Hardware: How to Identify and Interpret SCSI Sense Codes on a DXi Platform |
This article provides information on how to analyze SCSI sense codes on a DXi system.
When a target receives a SCSI command from an initiator, a return code is generated, which shows the result of the command. This return code is called a SCSI Sense Code (or SCSI Sense Data). For a full list of SCSI Command Operation Codes, see CDB Structure Explained, which describes the SCSI Command Descriptor Block (CDB) structure that displays in the messages file.

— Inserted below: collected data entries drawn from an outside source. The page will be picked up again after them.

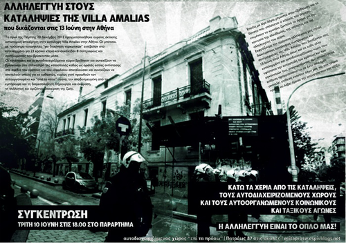 Το πρωί της Πέμπτης 20 Δεκέμβρη 2012 πραγματοποιήθηκε ευρείας έκτασης αστυνομική επιχείρηση στην κατάληψη Villa Amalias στην Αθήνα. Οι μπάτσοι, με πρόσχημα καταγγελίες "για διακίνηση ναρκωτικών" εισέβαλαν στο κατειλημμένο για 23 χρόνια κτίριο και συνέλαβαν 8 συντρόφους και συντρόφισσες που βρίσκονταν μέσα. Άμεσα, πλήθος κόσμου συγκεντρώθηκε έξω από την κατάληψη σε ένδειξη αλληλεγγύης στους καταληψίες και ενάντια στην απόπειρα τρομοκράτησης των αγωνιζόμενων ανθρώπων, ένα ακόμα επεισόδιο της οποίας διαδραματίστηκε εκείνη η τη μέρα. Συγκέντρωση διαμαρτυρίας πραγματοποιήθηκε και στο Δημαρχείο της Αθήνας, καθώς το κτίριο βρίσκεται στην ιδιοκτησία του Δήμου Αθηναίων, κατά τη διάρκεια της οποίας προσήχθησαν άλλοι 7 σύντροφοι και συντρόφισσες.
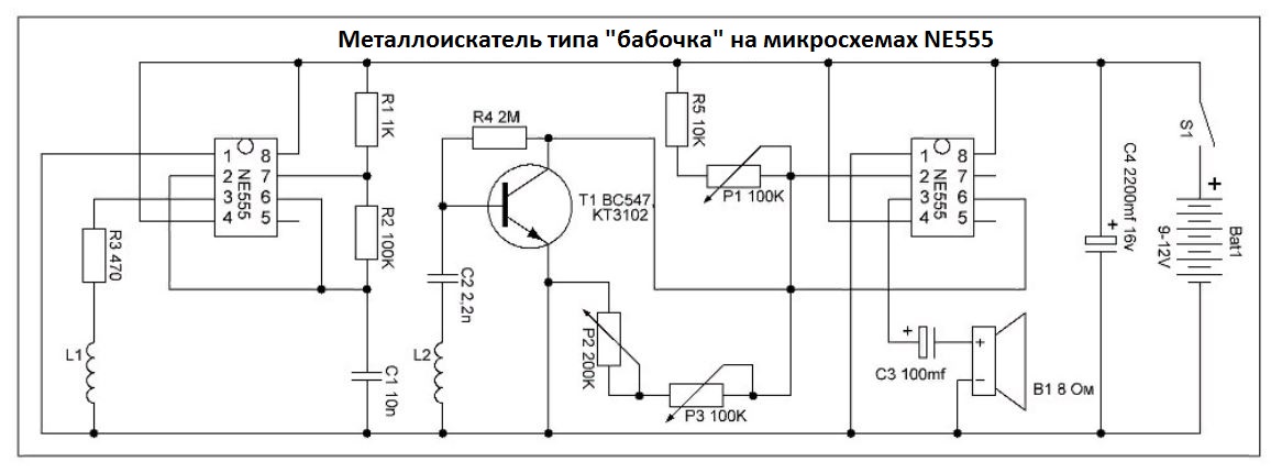Расположение элементов связано с принципом работы. Схема выполнена в виде двух генераторов, работающих на одной частоте. При подключении к ним одинаковых катушек, создается индукционный баланс. Стоит попасть в электромагнитное поле постороннему предмету, обладающему электропроводимостью, как баланс поля разрушается.
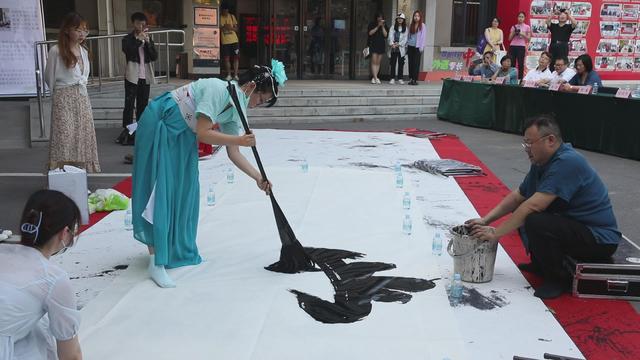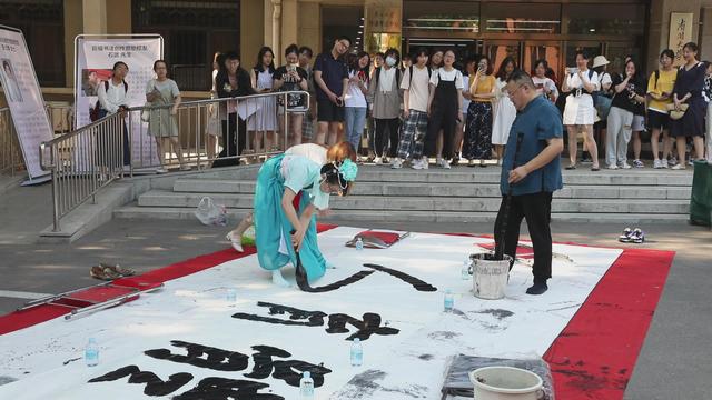 青年书法家唐曼清校友应邀参加并现场泼墨挥毫,创作了“初心”、“党魂”、“以体育人”、“为中华崛起而读书”等四幅书法作品,并在现场举行了捐赠仪式。

SCSI Sense Codes consist of the following fields:
This is the completion status of the SCSI command. A code of 00h means that the command was successfully processed by the target. The possible Status Codes are:
Code |
Name |
00h |
GOOD |
02h |
CHECK CONDITION |
04h |
CONDITION MET |
08h |
BUSY |
18h |
RESERVATION CONFLICT |
28h |
TASK SET FULL |
30h |
ACA ACTIVE |
40h |
TASK ABORTED |
If the command isn't processed successfully and returns the CHECK CONDITION code, the target will provide additional information in the Sense Key, ASC, and ASCQ fields:
Code |
Name |
0h |
NO SENSE |
1h |
RECOVERED ERROR |
2h |
NOT READY |
3h |
MEDIUM ERROR |
4h |
HARDWARE ERROR |
5h |
ILLEGAL REQUEST |
6h |
UNIT ATTENTION |
7h |
DATA PROTECT |
8h |
BLANK CHECK |
9h |
VENDOR SPECIFIC |
Ah |
COPY ABORTED |
Bh |
ABORTED COMMAND |
Dh |
VOLUME OVERFLOW |
Eh |
MISCOMPARE |
Fh |
COMPLETED |
The list of possible results is very long. For a list of the standard SCSI codes used by all vendors, see http://www.t10.org/lists/asc-num.txt.
SCSI Sense Codes will be fully listed in the controller logs. Depending on your DXi platform, you may want to look at the PERC logs (DSET logs, such as those available on the DXi4500 and DXi8500) or the 3ware logs (avilable on DXi67xx systems), or in the Netapp array log (available on the DXi7500 and 8500). These logs will have various formats and messages, but they will all report the SCSI sense code, if it is other than 00h.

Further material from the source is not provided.